* [Supplied information]:
****************

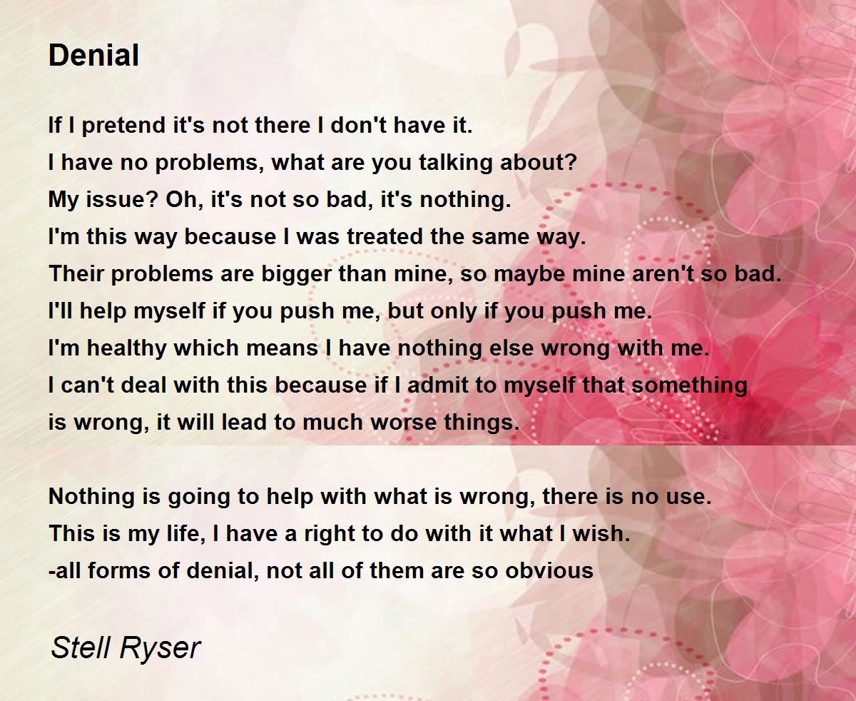I can't deal with this because if I admit to myself that something is wrong, it will lead to much worse things.
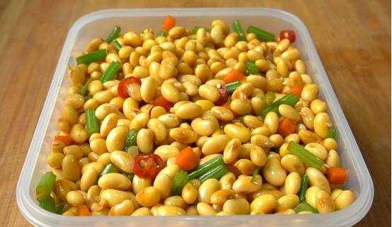 锅里烧开水,加一勺盐拌匀,然后放一把芹菜在水里焯一分钟,时间到了,捞出来过冷水,调水.,取出并切成小方块。然后将切好的胡萝卜放入沸水中焯一分钟,然后捞出水,放入盛有黄豆的碗中。
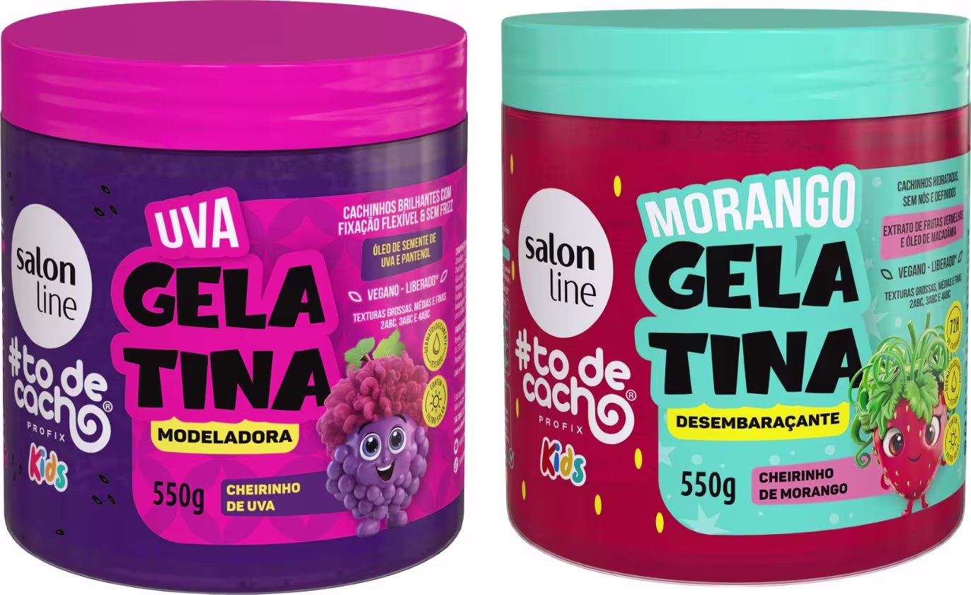 Quer deixar os cachos dos pequenos ainda mais lindos e definidos? O Kit 2 Gelatina Kids Definição Uva Morango Cachos Salon Line é a escolha perfeita para cuidar dos cabelos infantis de forma divertida e eficaz!

****************

* [Activity]: The data above is to be printed exactly, all of it, except for the pictures.

* [Exercise answer]:
I can't deal with this because if I admit to myself that something is wrong, it will lead to much worse things.
 锅里烧开水,加一勺盐拌匀,然后放一把芹菜在水里焯一分钟,时间到了,捞出来过冷水,调水.,取出并切成小方块。然后将切好的胡萝卜放入沸水中焯一分钟,然后捞出水,放入盛有黄豆的碗中。
 Quer deixar os cachos dos pequenos ainda mais lindos e definidos? O Kit 2 Gelatina Kids Definição Uva Morango Cachos Salon Line é a escolha perfeita para cuidar dos cabelos infantis de forma divertida e eficaz!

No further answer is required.